§ **Problem statement**
Copy, word for word, the opening line of the data and each line after it until the line that contains "關(guān)于欽州市老街范圍2處公房公開招租結(jié)果公示", which is included. Leave the pictures out.

§ **Provided material**
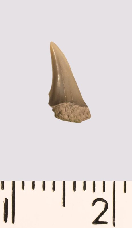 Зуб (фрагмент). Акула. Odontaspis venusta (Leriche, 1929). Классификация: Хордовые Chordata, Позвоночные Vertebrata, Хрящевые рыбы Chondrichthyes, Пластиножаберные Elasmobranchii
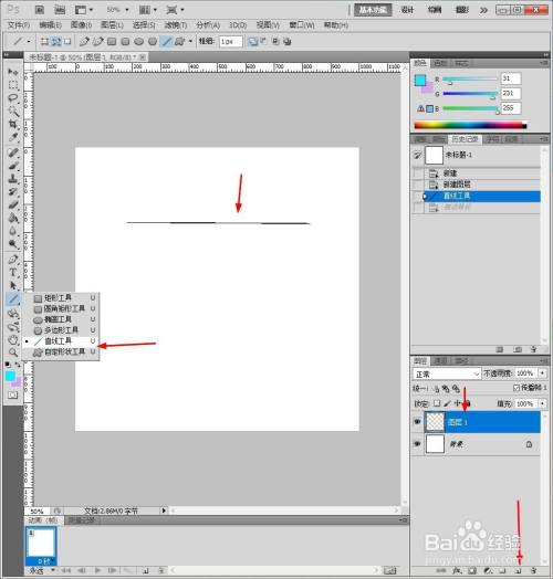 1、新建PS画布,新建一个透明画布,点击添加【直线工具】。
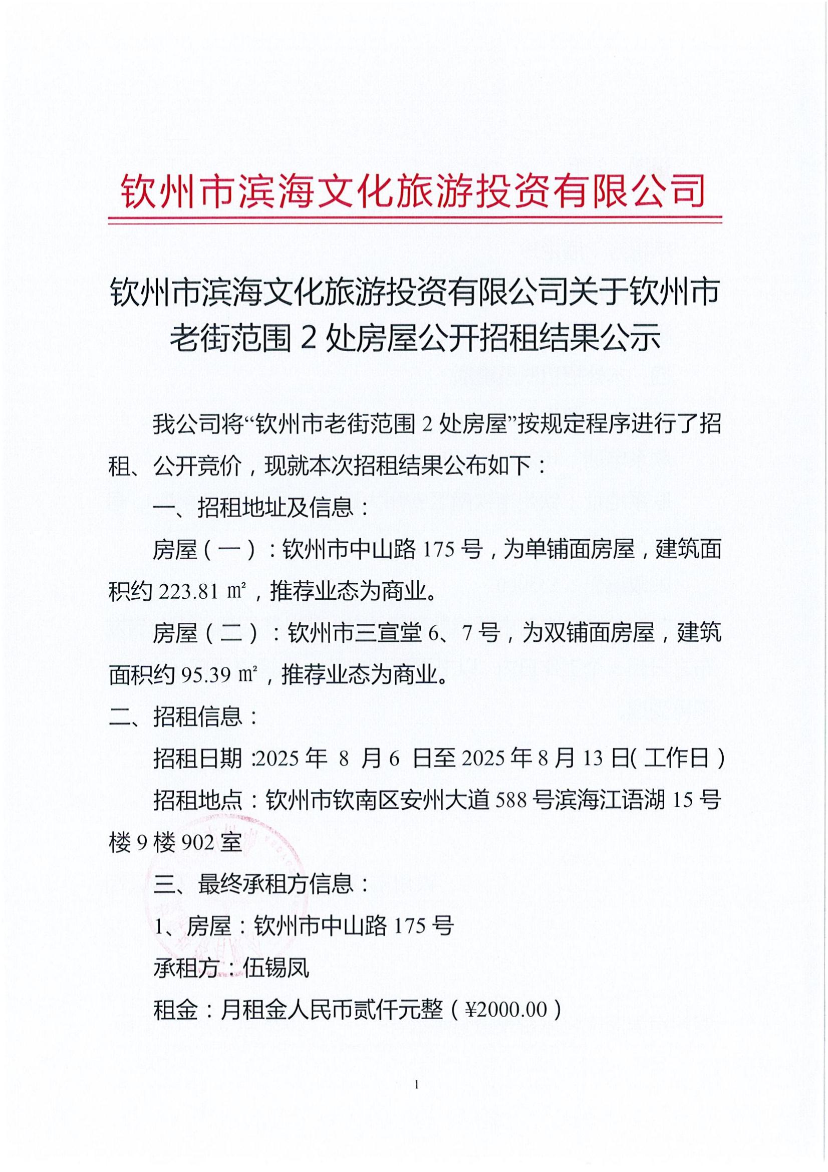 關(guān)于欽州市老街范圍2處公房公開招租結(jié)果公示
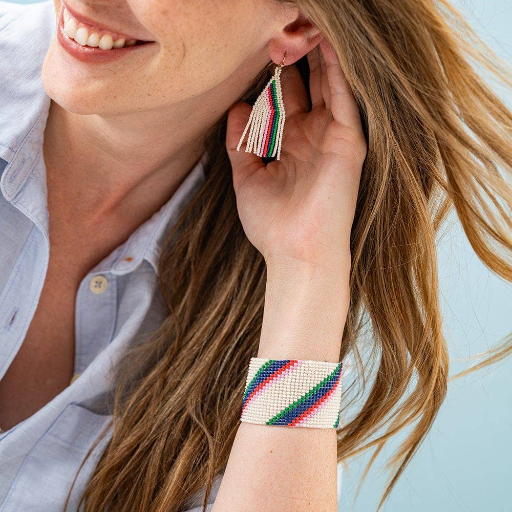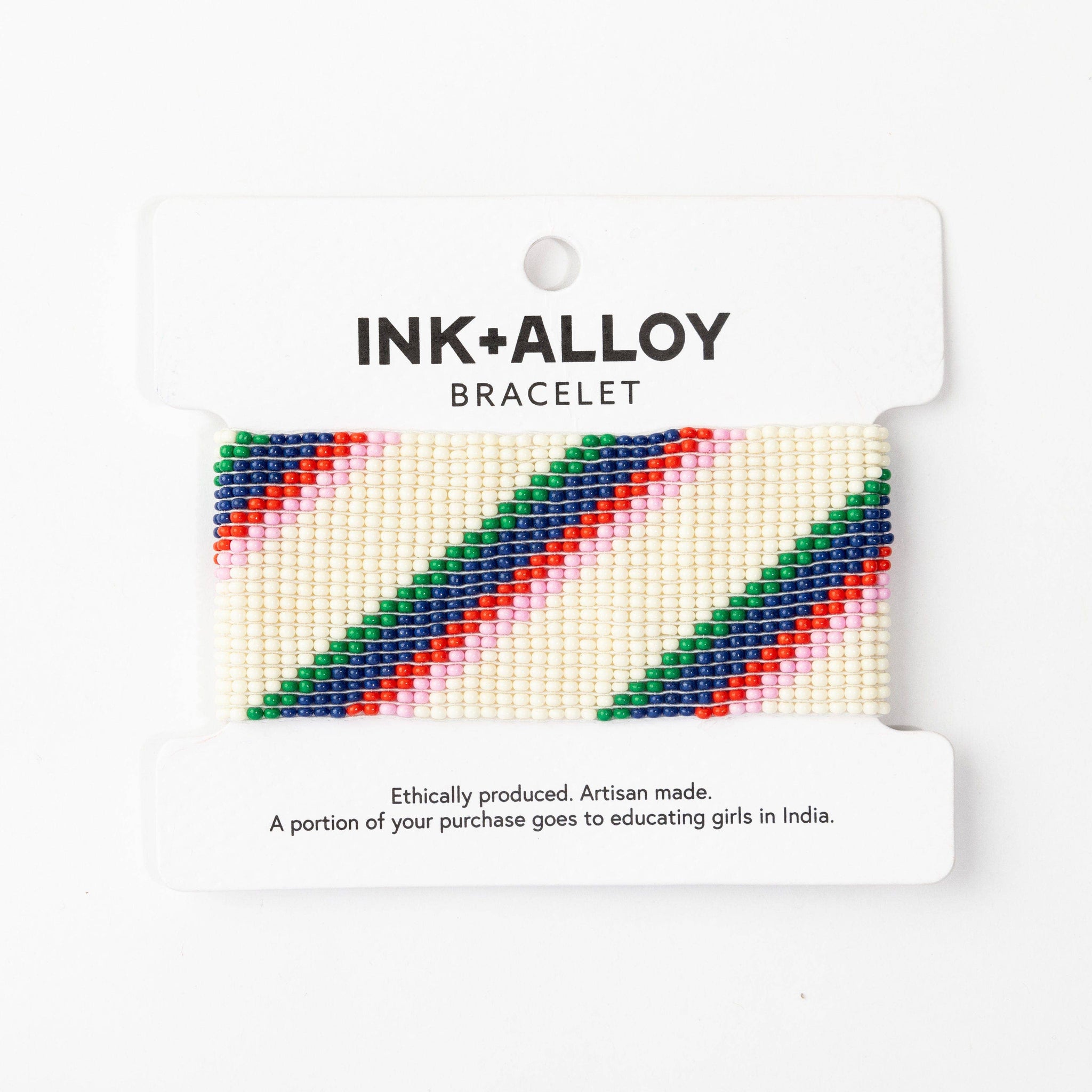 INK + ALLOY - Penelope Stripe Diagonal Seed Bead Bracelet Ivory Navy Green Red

§ **Result**
 Зуб (фрагмент). Акула. Odontaspis venusta (Leriche, 1929). Классификация: Хордовые Chordata, Позвоночные Vertebrata, Хрящевые рыбы Chondrichthyes, Пластиножаберные Elasmobranchii
 1、新建PS画布,新建一个透明画布,点击添加【直线工具】。
 關(guān)于欽州市老街范圍2處公房公開招租結(jié)果公示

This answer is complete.